**WHAT NEEDS TO BE DONE**
Set down without change every line from the line that contains "Trade, Industry and" through the end of the listing, and only those lines. No pictures.

**DATA FOR PROCESSING**
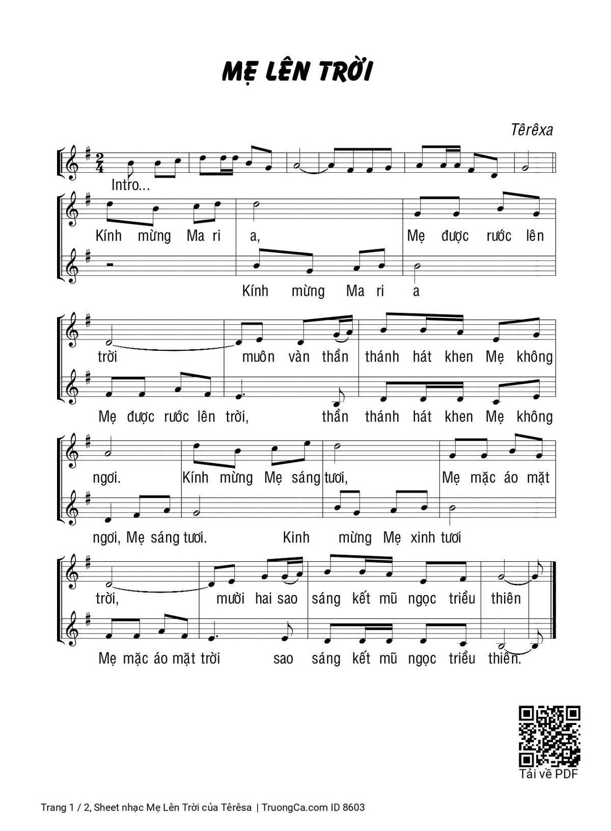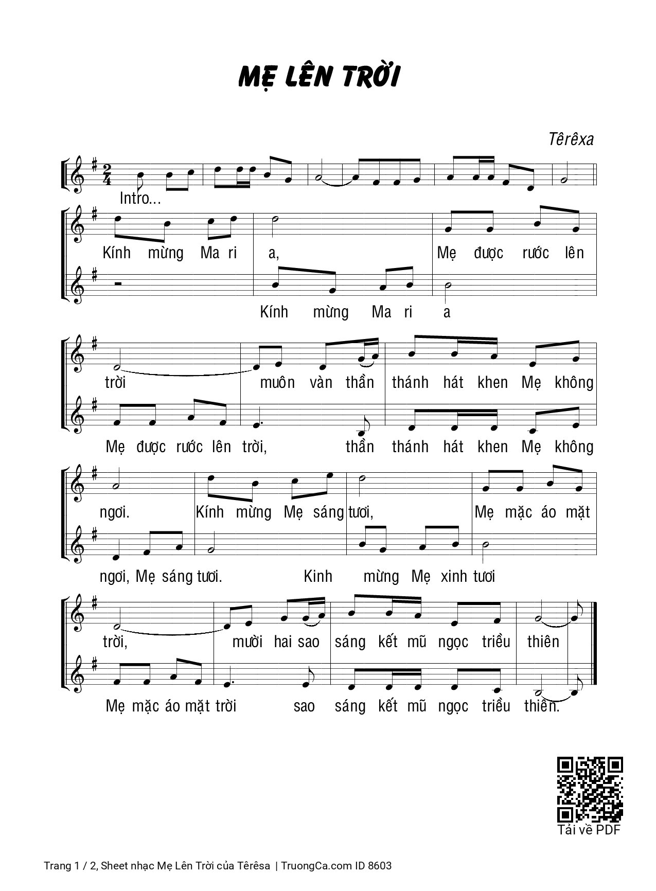 Têrêsa Kính mừng Maria Mẹ được rước lên trời [PDF] [Sheet] [Lyrics] [Mp4/Midi]
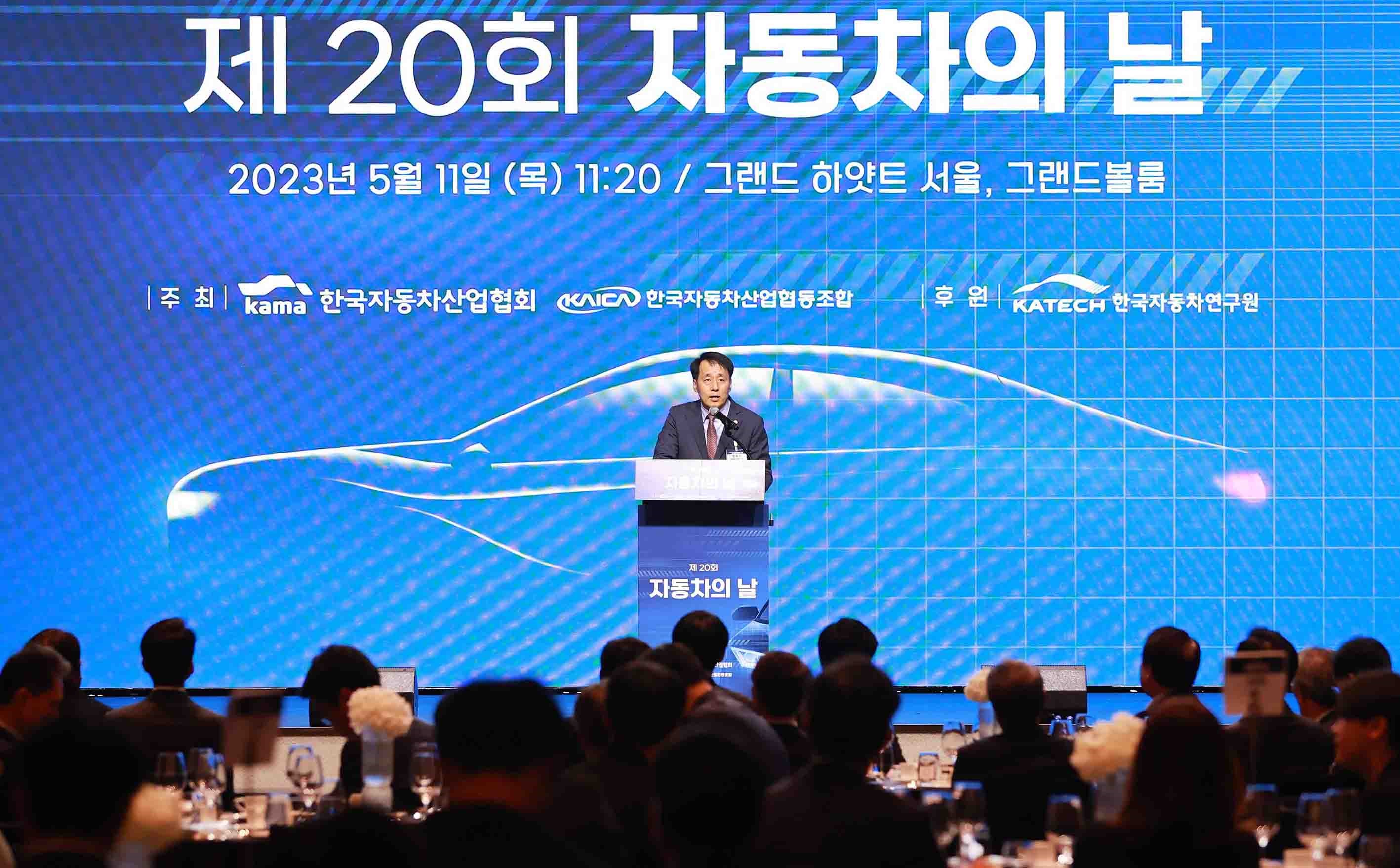 Trade, Industry and Energy 1st Vice Minister Jang Young-jin attended the “20th Automobile Day” ceremony at the Grand Hyatt Seoul on May 11 and awarded 34 orders and medals of merit, including the Silver Tower Order of Industrial Service Merit presented to Kia Motors Executive Vice President Choi Jun-young. Vice Minister Jang commended the Korean automobile industry’s accomplishment of reaching USD 77.4 billion in export last year amid difficult conditions, and again hi date2023-05-12
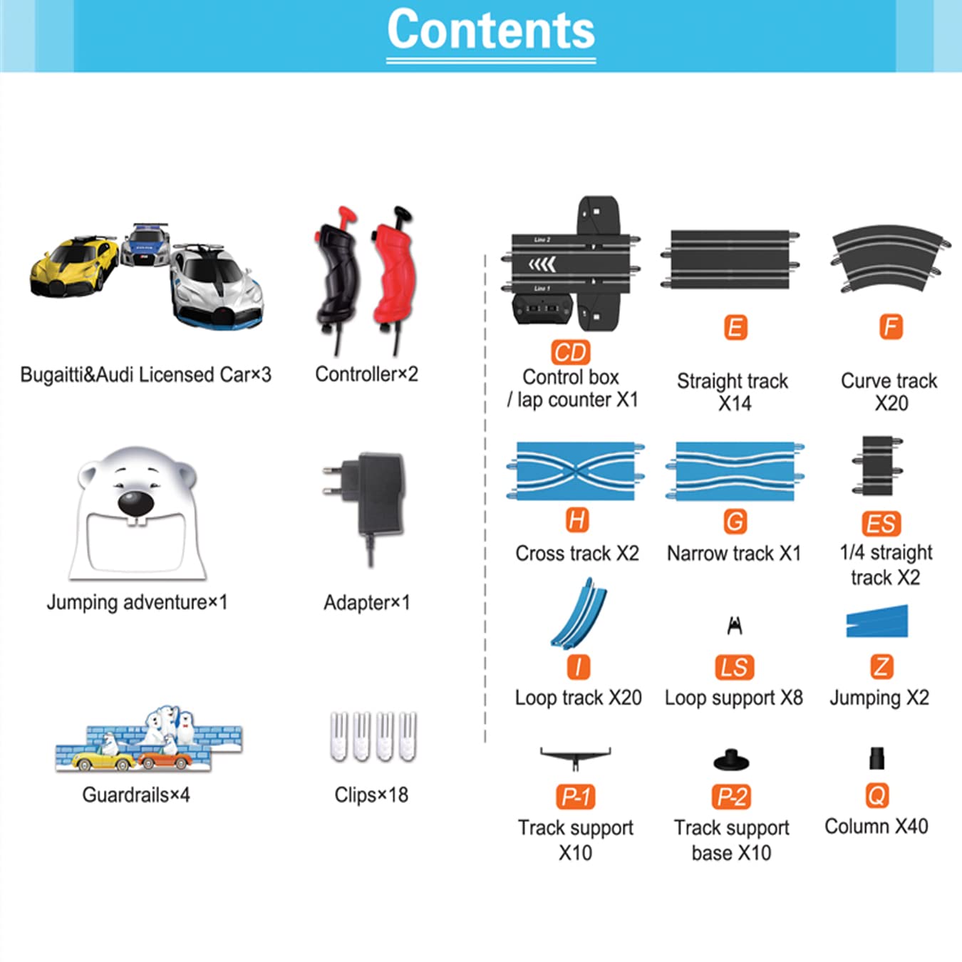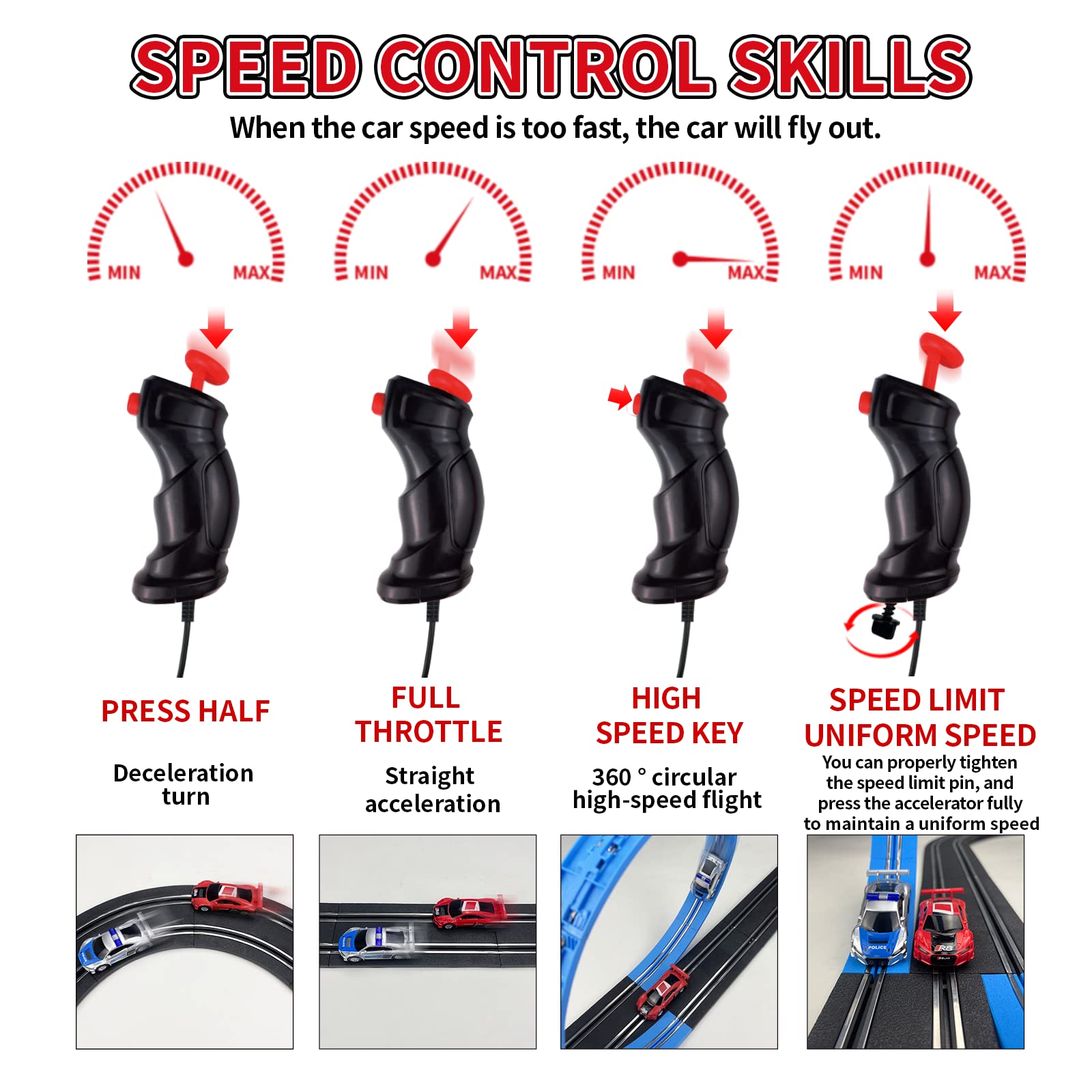 Easy-Build And Dis-Assemble Track Design:New Design Track Is Easy To Put Together. Please Make Sure That The Track Pieces Are Completely Snapped Together.Here Are Many Combinations Can Be Installed.The Loop Increases The Playability Of The Product And The Difficulty Of Racing, Which Will Be More Exciting And Fun For Older Children.
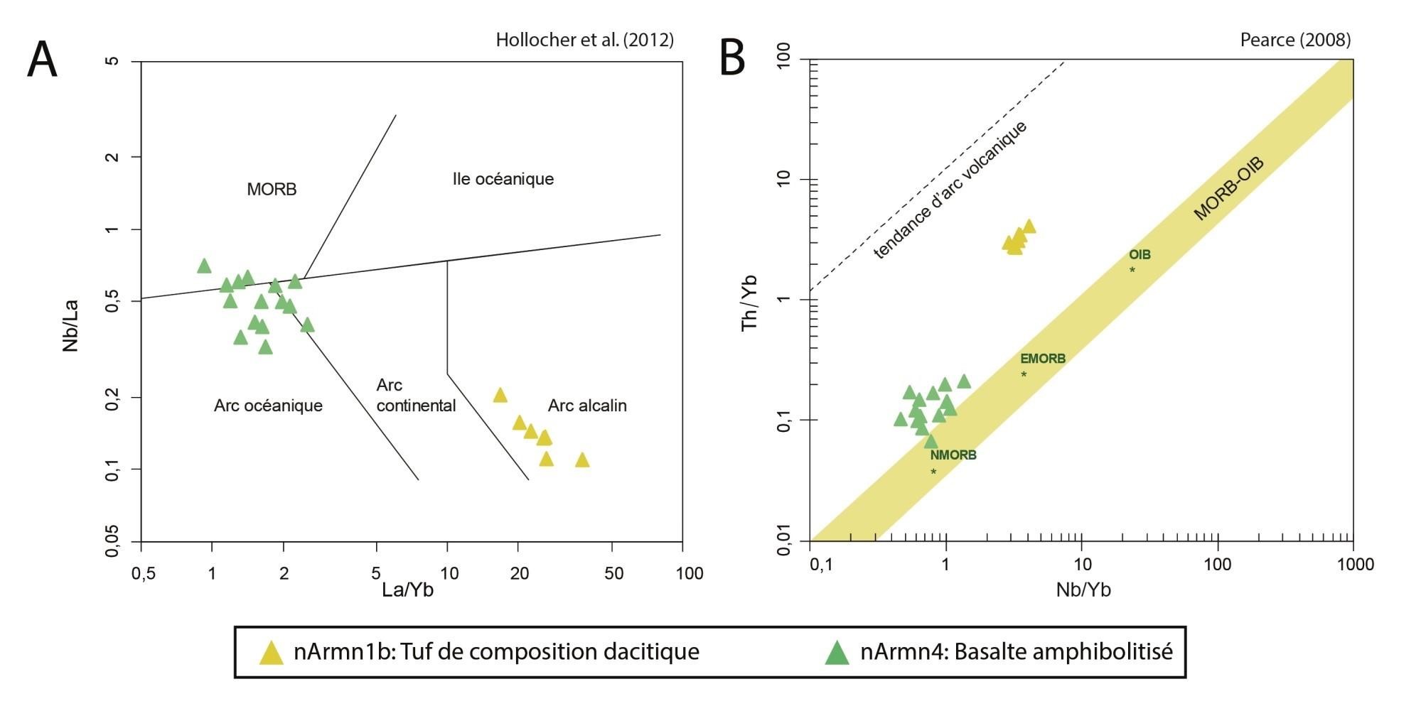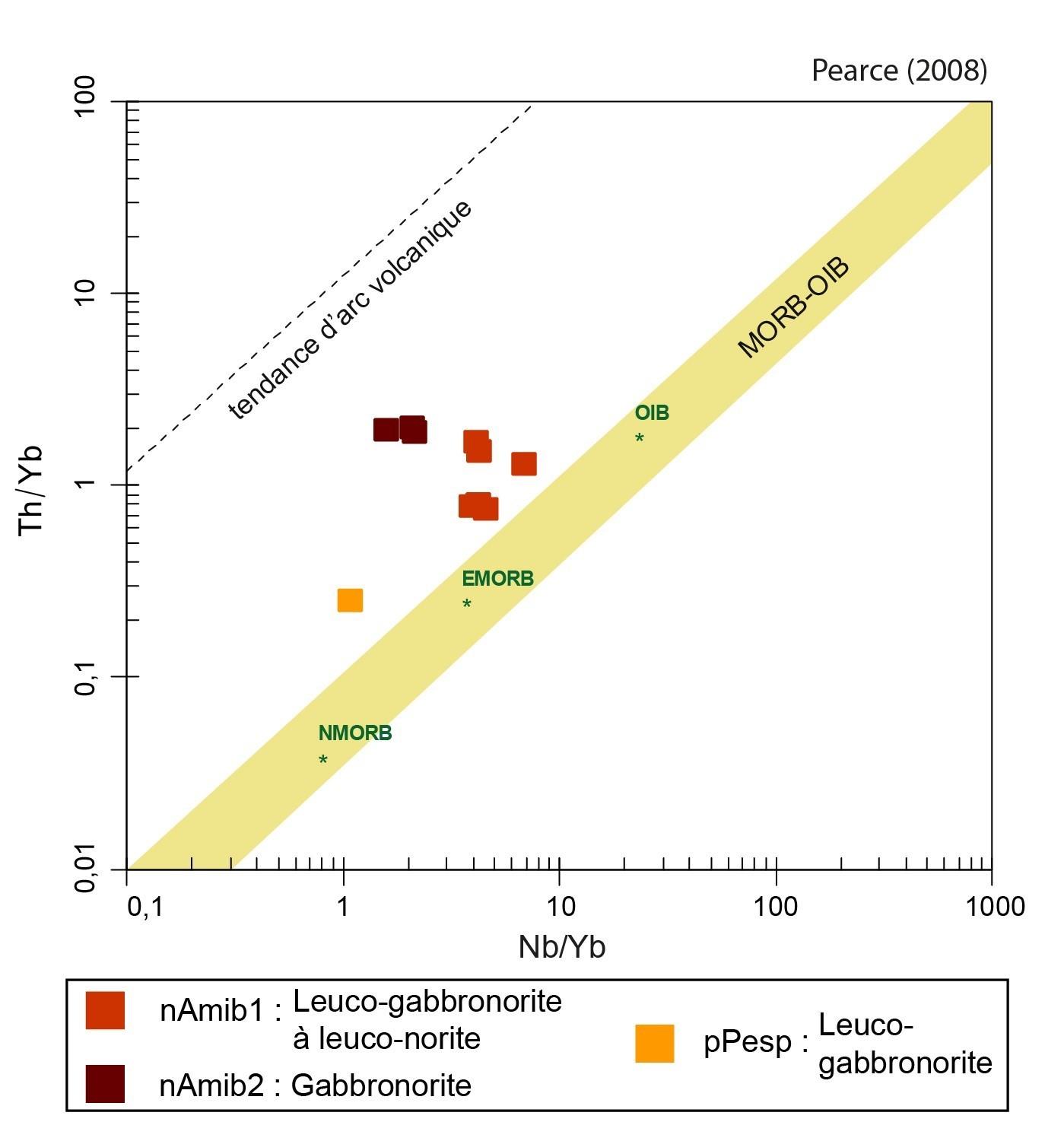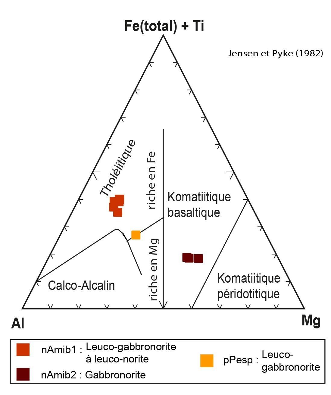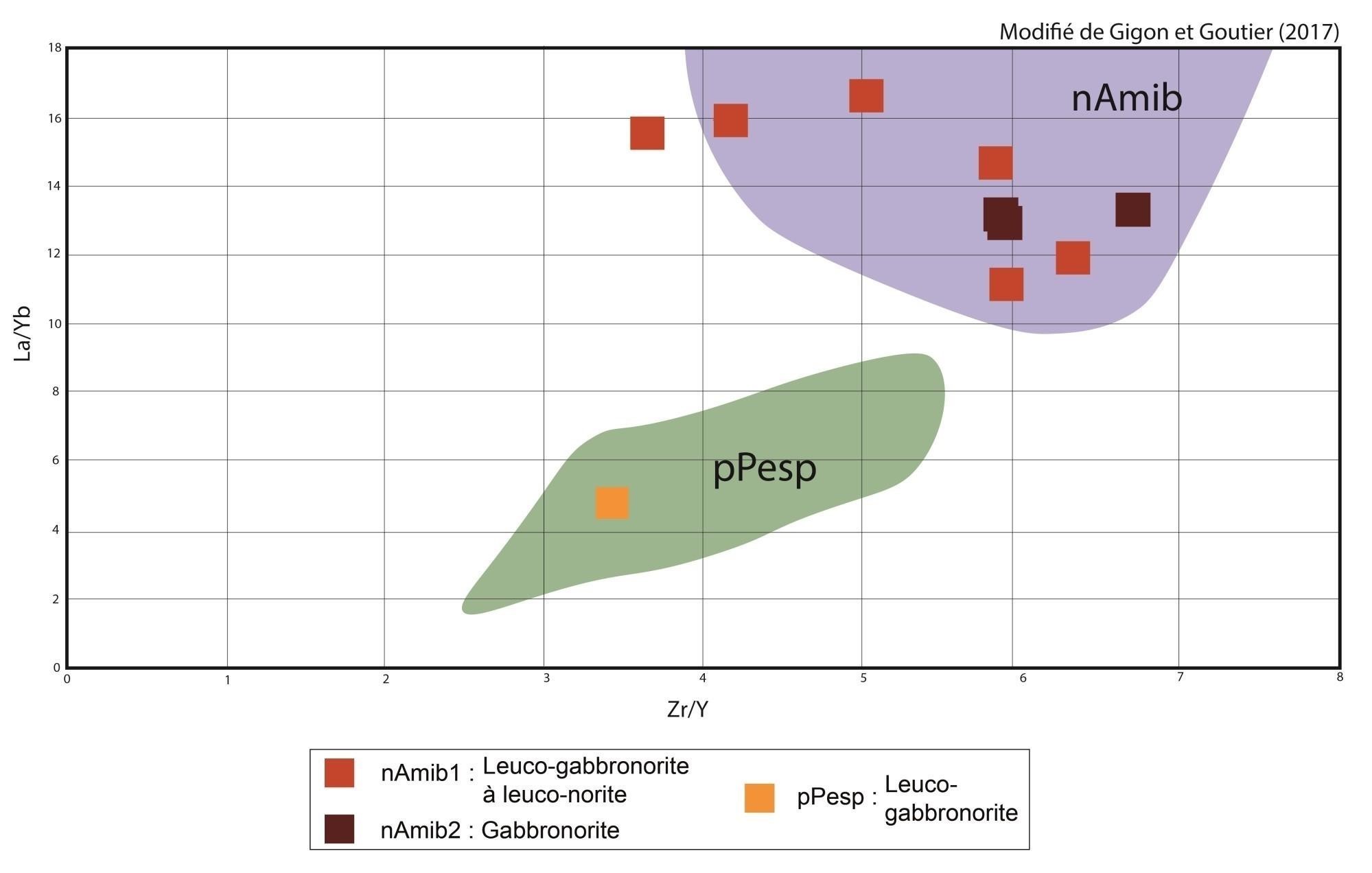 Les unités de gabbronorite (nArmn3) et de volcanites mafiques (nArmn4) ont une chimie très semblable, et sont possiblement cogénétiques
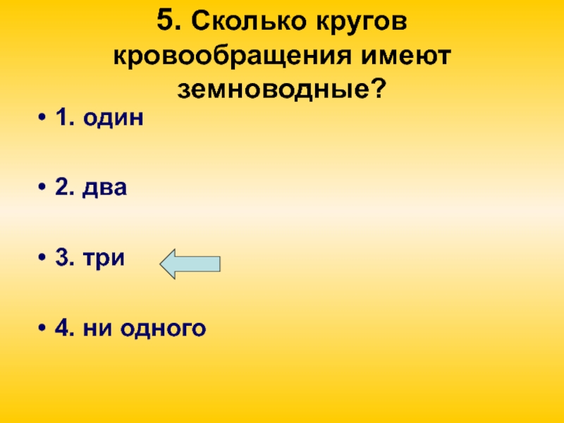 Слайд 415. Сколько кругов кровообращения имеют земноводные?

**EXERCISE OUTPUT**
 Trade, Industry and Energy 1st Vice Minister Jang Young-jin attended the “20th Automobile Day” ceremony at the Grand Hyatt Seoul on May 11 and awarded 34 orders and medals of merit, including the Silver Tower Order of Industrial Service Merit presented to Kia Motors Executive Vice President Choi Jun-young. Vice Minister Jang commended the Korean automobile industry’s accomplishment of reaching USD 77.4 billion in export last year amid difficult conditions, and again hi date2023-05-12
 Easy-Build And Dis-Assemble Track Design:New Design Track Is Easy To Put Together. Please Make Sure That The Track Pieces Are Completely Snapped Together.Here Are Many Combinations Can Be Installed.The Loop Increases The Playability Of The Product And The Difficulty Of Racing, Which Will Be More Exciting And Fun For Older Children.
 Les unités de gabbronorite (nArmn3) et de volcanites mafiques (nArmn4) ont une chimie très semblable, et sont possiblement cogénétiques
 Слайд 415. Сколько кругов кровообращения имеют земноводные?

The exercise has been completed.